While paying special attention to the military and strategic aspects of the Czechoslovak crisis, this volume also provides a blow-by-blow account of its impacts upon the Czechoslovak armed forces and the Warsaw Pact. The subsequent military operation – codenamed Operation Danube – is described in all of its components, including the airborne and ground aspects, and the political operation that supported it. Within only 24 hours, the Soviet and Warsaw Pact forces secured the entire territory of Czechoslovakia, de-facto overrunning the local armed forces in the process. The Czechoslovak population organised non-violent resistance, thus highlighting the political aspects of the intervention.

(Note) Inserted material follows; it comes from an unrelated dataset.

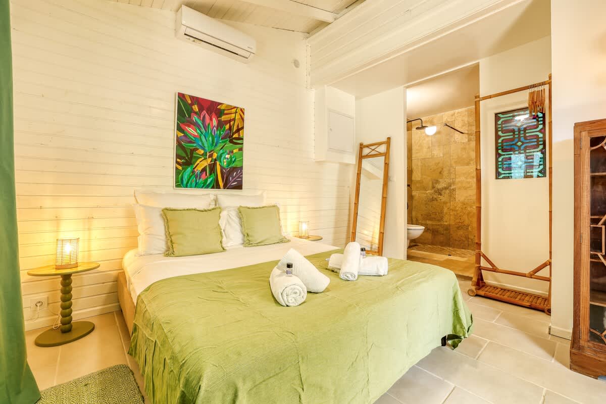 3- Le Bungalow : indépendant, situé en bord de piscine, avec kitchenette, salle de bain et lit Queen-Size. (2 couchages)
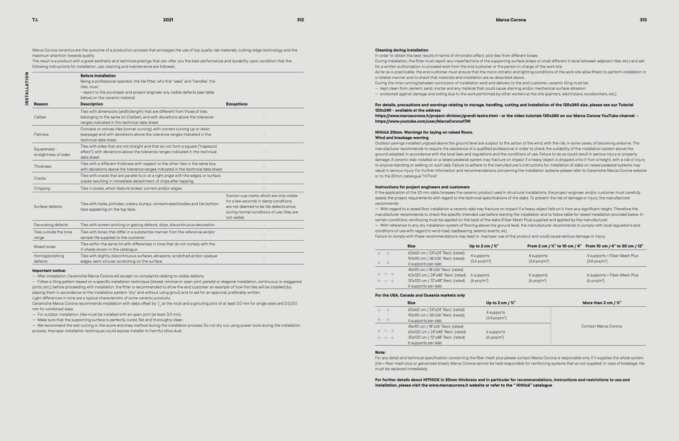 result in serious injury. For further information and recommendations concerning the installation systems please refer to Ceramiche Marca Corona website

However, it was hopelessly out of condition to prevent the ultimate downfall of the so-called ‘Prague Spring’. Nevertheless, the application of military power against a popularly supported political reform marked a turning point in the Cold War, and forever changed the balance of power in Central Europe.

Guiding the reader meticulously through the details of the forces involved, their organisation and equipment, Operation Danube offers a uniquely in-depth account of the invasion of Czechoslovakia and is profusely illustrated with more than 100 photographs, maps, and exclusive colour artworks.